Just like most UberGeeks, with my stunning good looks, winning smile, and perfect hair, of course I want people to see me right when I wake up or after a long day at work. I get enough “face time” with clients, I don’t need anymore. More often, I am trying to move clients away from calling me and using IM or email instead so I don’t need some cooked up reason to go back to real time conversations for 99% of my communications.

The Other Mike says:

No Subject Given

As has been mentioned – give me a stable and consistent real time every time video connection and i will give you my dollars. people aren’t interested in half develped systems, not that they aren’t interested period. I would prefer video phones to voice only phones, but not the ones with 2 second video lag or the choppy webcam slideshow, and not the ones that only work with one in 20 phone calls on a sunny day in a major city with no solar flares on a chinese holiday with NASA computers doing the work.

shnot (user link) says:

cell phone porn

Hahaha, what’s the obsession? $$$

I don’t need a phone that can record video…that’s why I bought a handycam. I’ve seen the video that you get from phones, it’s decent if you’re just recording your friend pulling somoenes pants down, but beyond that…i’ll stick with my handycam.

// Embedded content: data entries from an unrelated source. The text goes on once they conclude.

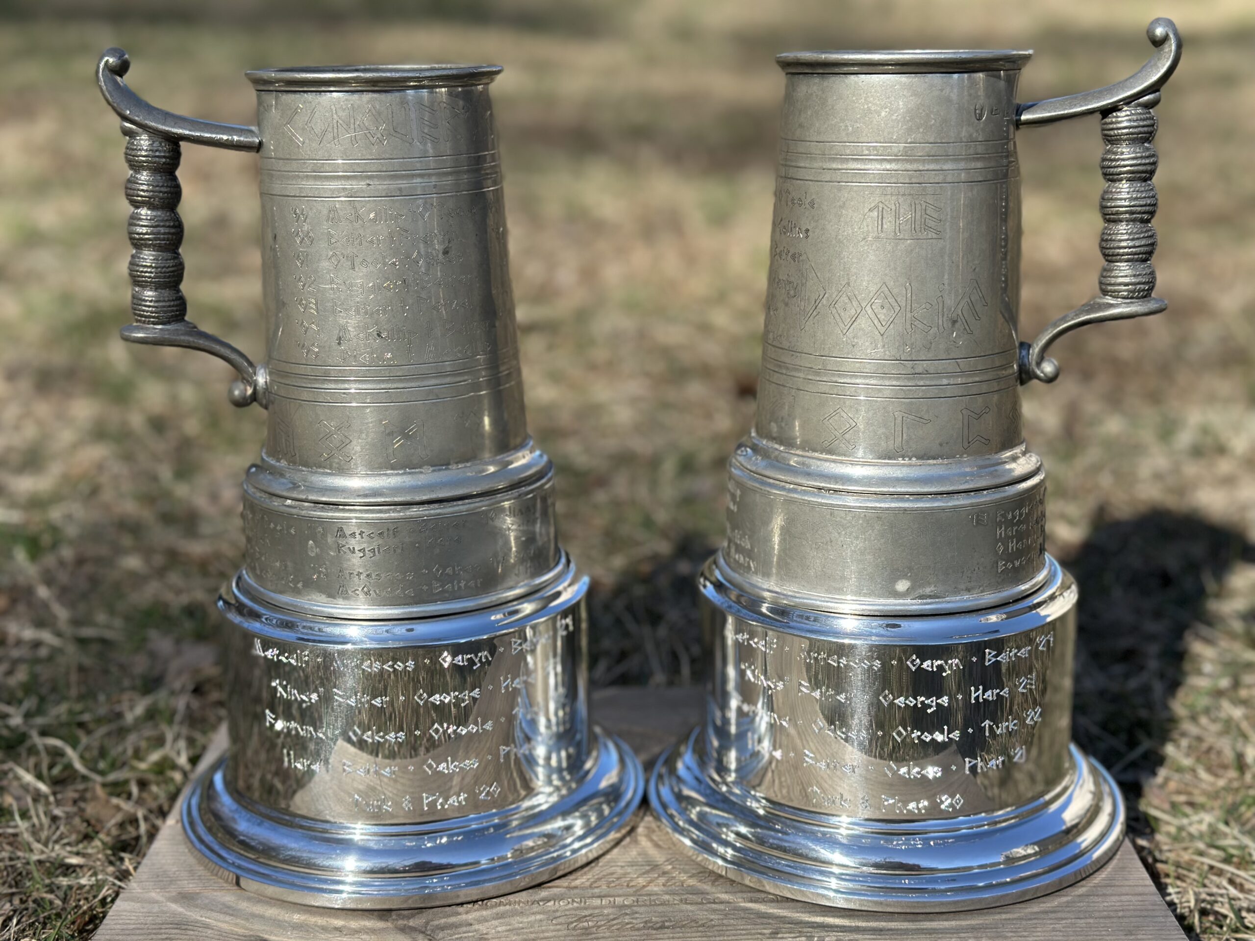 ‘02 - The most competitive tournament ever, with just 16 points separating first and last place. The top-4 spots we’re just 3 points apart! Pewter tankards were ordered from Sheffield England and we got them engraved with the winners name on them: the Mugs were born.
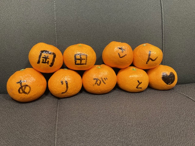 大政興業株式会社の岡田様より、みかんを贈っていただきました 2025/01/05 岡田さんありがとう! ー令和7年1月5日ー 大政興業株式会社の岡田様より、みかんを贈っていただきました。 このみかん、毎年のことながら甘くって美味しいんです。 こだわりのみかんです 甘くて美味しいんですよね 子ども達も大喜び。自分の分をすぐに食べきってしまう子どももいました 喜びの舞! 岡田さんへのメッセージ 岡田様、素敵な贈り物をありがとうございます!
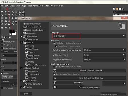 在软件里的“Edit->Perferences ”然后点击Interface,将右侧的Language改为汉语(ZH_CN)重启GIMP即可。
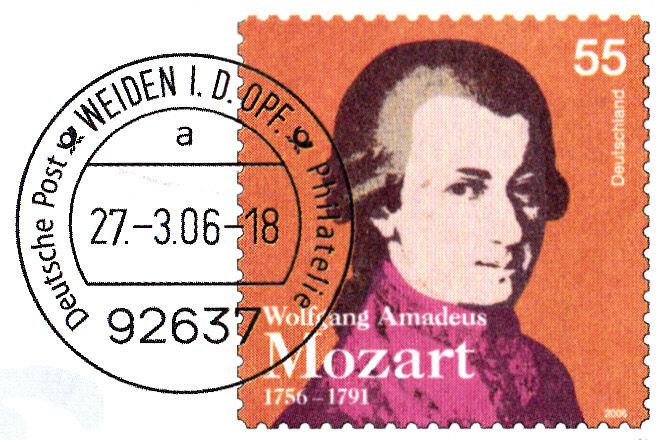 Dieser Ganzsachenumschlag (MiNr EA F129) im Format 229x114 mm hat einen Wertstempel mit der 55 Cent-Marke 250.Geburtstag von W.A. Mozart (MiNr 2512). Die Vorausentwertung trägt das Datum "27.-3.06".
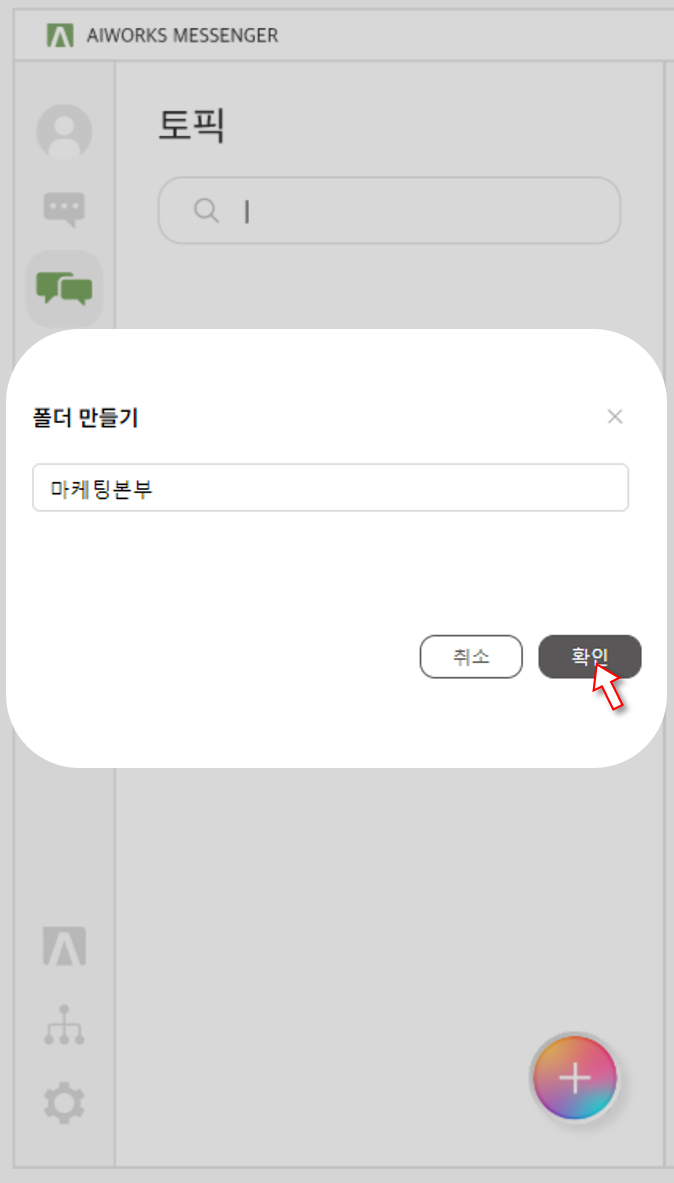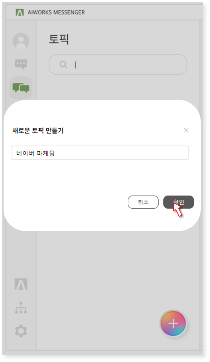 토픽방 이름을 설정하고 ‘확인’ 버튼을 클릭합니다.

besides the bleh quality, it’s a bit more difficult for someone to steal videos of me getting a bj from my handycam than it would be to take said videos from a cell phone. no thanks.

Stephen Tillman says:

Re: No Subject Given

Multi-purpose phones:
A bit off-topic, but oh well. The purpose of MP Phones (or, Smart Phones, as I’ve heard them called) was to combine a phone and a PDA. One less thing for us business geeks to carry around. I swear, all I need is a bottle of Bat Shark-Repellant and my utility belt will be ready for crimefighting, what with all the things I keep strapped to me.